Lonnie Hillyer (March 25, 1940 in Monroe, Georgia – July 1, 1985 in New York City) was an American jazz trumpeter, strongly influenced by Dizzy Gillespie, Charlie Parker, Thelonious Monk
and other bebop legends of that era.

Lonnie Hillyer moved with his family to Detroit at age three, and began studying music at 14 under Barry Harris. In 1960, he moved to New York City, where he played with Charles Mingus, Yusef Lateef, and Clifford Jarvis. Lonnie Hillyer's association with Mingus lasted more than a decade, performing on records such as "My Favorite Quintet" and "Let My Children Hear Music".

In 1966, Lonnie Hillyer and Charles McPherson formed a quintet performed together during the years following. McPherson also grew up with Hillyer in Detroit.
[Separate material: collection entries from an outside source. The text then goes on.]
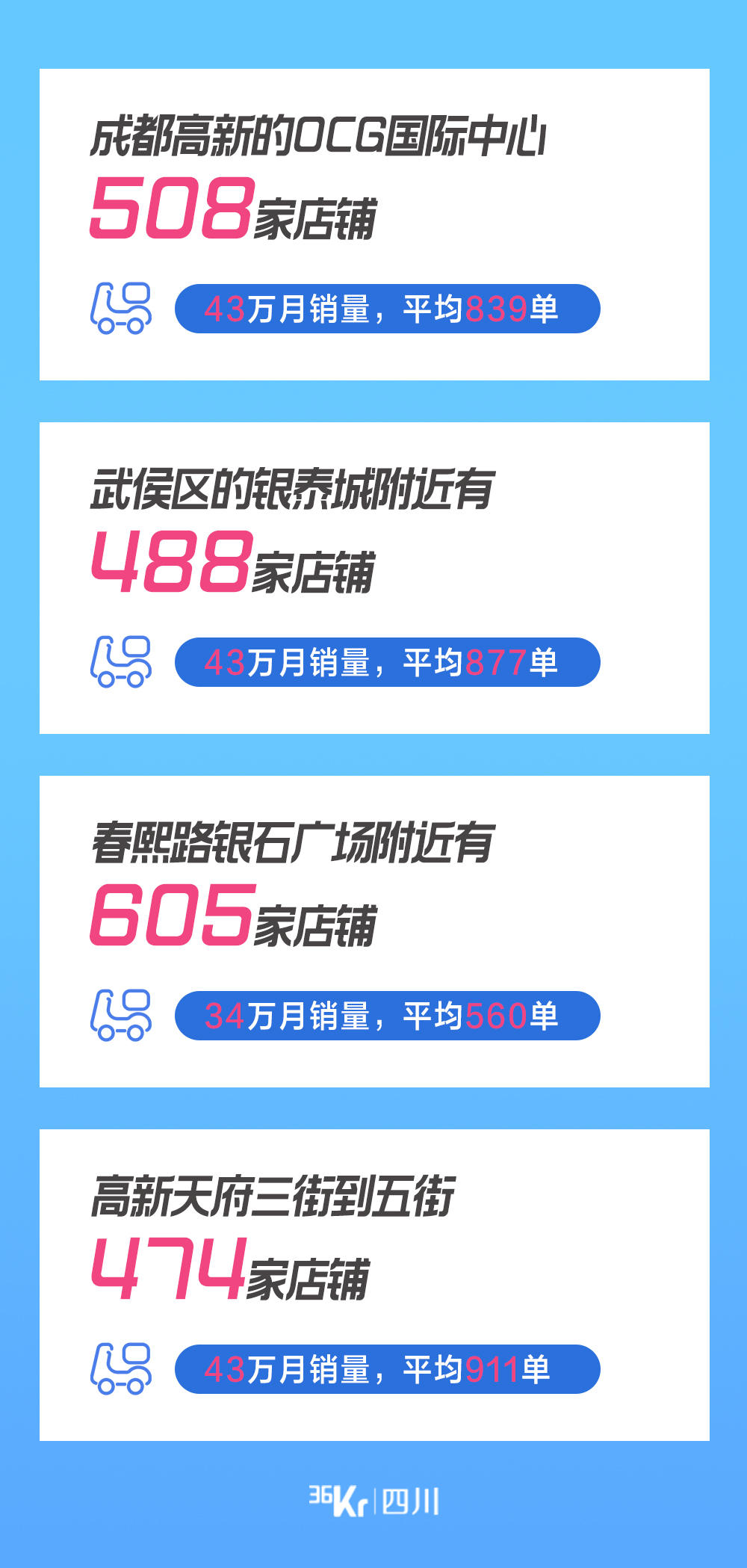 而成都上班族点外卖的数量,能支撑起一个店铺每月高达900单的数量,在写字楼集中的区域,外卖月销量能达到43余万单,这个月销量数据已经可以和深圳的南山区比肩了——深圳南山区的深海大道附近约有711家店铺,月销量49万单左右,店铺平均销量685单。
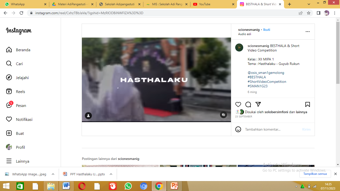 1. Submit ke MIS: Capture Upload di sosial media beserta link-nya
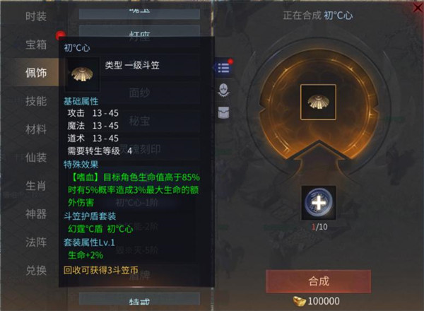 下面来说说获取方式吧。首先斗笠和护盾都属于配饰,高级的斗笠和配饰都需要玩家凑齐对应个数的低阶版本来进行合成,而最低阶的斗笠需要10斗笠币合成,同样,护盾需要的材料为盾牌币,两种材料掉落范围相同:第二大陆怪物、280级以上BOSS。

Around 1983 he and (former Monk tenor saxophonist) Charles Rouse formed a jazz quintet ("Bebop Quintessence"), with (drummer) Leroy Williams, (pianist) Hugh Lawson and (bassist) Ben Brown.

Hillyer performed live with many musicians including Thelonious Monk, Art Blakey, Philly Joe Jones, Willie Bobo, Barry Harris, Walter Davis, Jr., Abbey Lincoln, and many others.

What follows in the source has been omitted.